START Materials provided

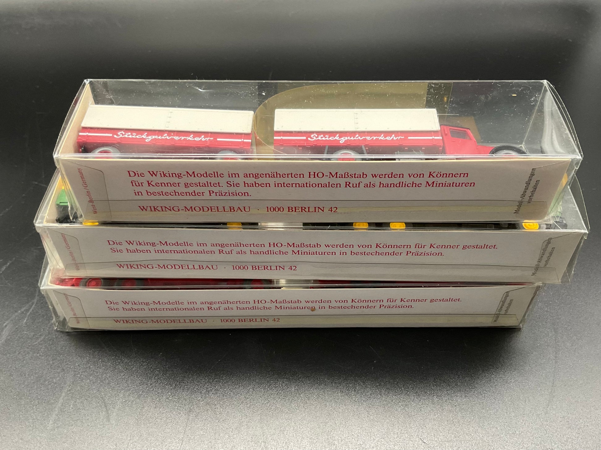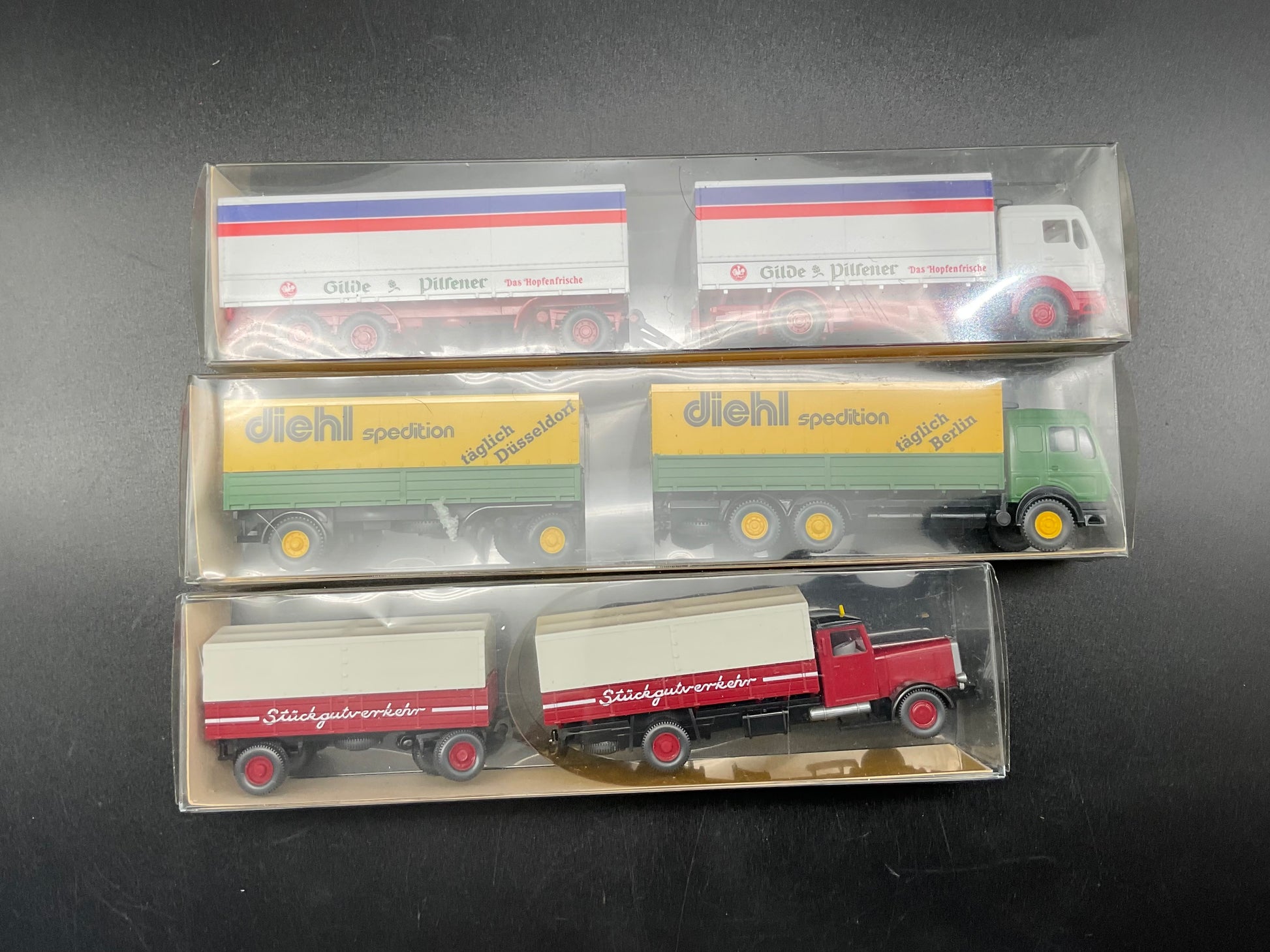 Es handelt sich hierbei um drei Fernlastzüge, einmal ein Pritschenlastzug Hanomag in weiß (857 27), einmal ein Pritschenfernlastzug MB 2235 in gelb (29 456) und ein Fernlastzug MB 1632 in weiß (30 455). Die Fahrzeuge sind Original von Wiking und gebraucht. Daher weisen sie Gebrauchsspuren auf. Zustand entsprechend den Bilder und die Bilder dienen der Beschreibung.
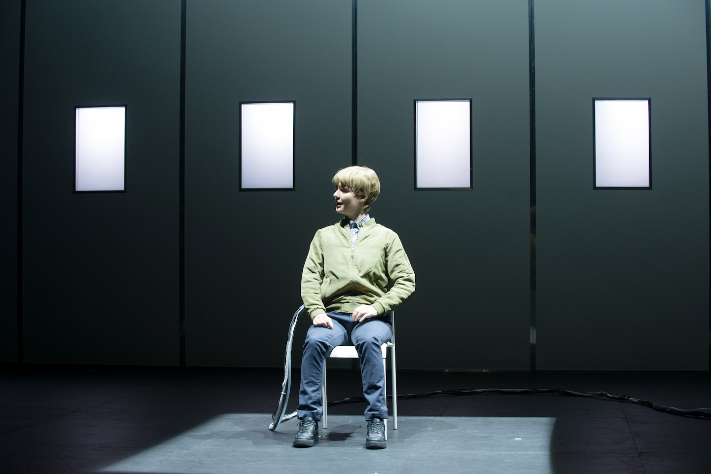 Avec peu de moyens scénographiques (fauteuils et canapé, chaises, table), des modules noirs entourant la scène, c’est l’éclairage qui insuffle l’atmosphère voulue. Telle une oeuvre littéraire, la pièce se découpe en chapitres séparés par de courts espaces nuit. La sonorisation, musicale ou vocale, tient une place importante dans le ressenti du propos.
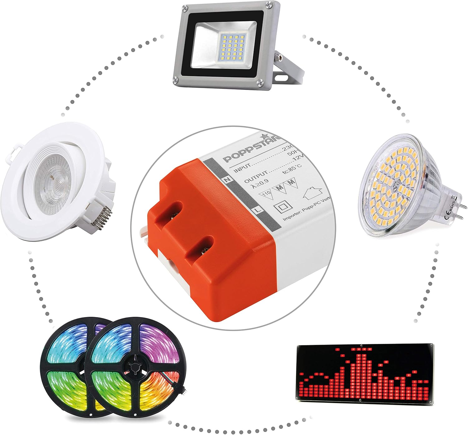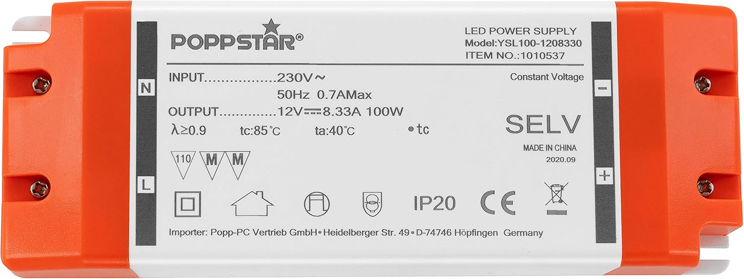 - Lieferumfang: 1 Trafo für LED Licht (Eingang 50Hz 220 V - 240 V AC 0,7 A / Ausgang 12 Volt 8,33 A max. 100 Watt)
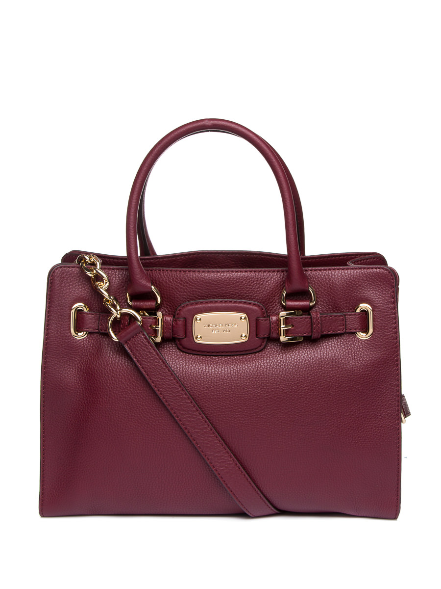 的热门产品Michael Kors HAMILTON系列酒红色荔枝纹针扣襻带金属链手提肩包
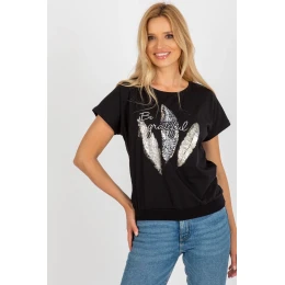 Blúzka rovného strihu s krátkymi rukávmi a okrúhlym výstrihom. Ozdobná potlač na prednej strane.

END Materials provided

- _Your task_: Leave out the pictures and output everything else in the records exactly.

- _Result below_:
 Es handelt sich hierbei um drei Fernlastzüge, einmal ein Pritschenlastzug Hanomag in weiß (857 27), einmal ein Pritschenfernlastzug MB 2235 in gelb (29 456) und ein Fernlastzug MB 1632 in weiß (30 455). Die Fahrzeuge sind Original von Wiking und gebraucht. Daher weisen sie Gebrauchsspuren auf. Zustand entsprechend den Bilder und die Bilder dienen der Beschreibung.
 Avec peu de moyens scénographiques (fauteuils et canapé, chaises, table), des modules noirs entourant la scène, c’est l’éclairage qui insuffle l’atmosphère voulue. Telle une oeuvre littéraire, la pièce se découpe en chapitres séparés par de courts espaces nuit. La sonorisation, musicale ou vocale, tient une place importante dans le ressenti du propos.
 - Lieferumfang: 1 Trafo für LED Licht (Eingang 50Hz 220 V - 240 V AC 0,7 A / Ausgang 12 Volt 8,33 A max. 100 Watt)
 的热门产品Michael Kors HAMILTON系列酒红色荔枝纹针扣襻带金属链手提肩包
 Blúzka rovného strihu s krátkymi rukávmi a okrúhlym výstrihom. Ozdobná potlač na prednej strane.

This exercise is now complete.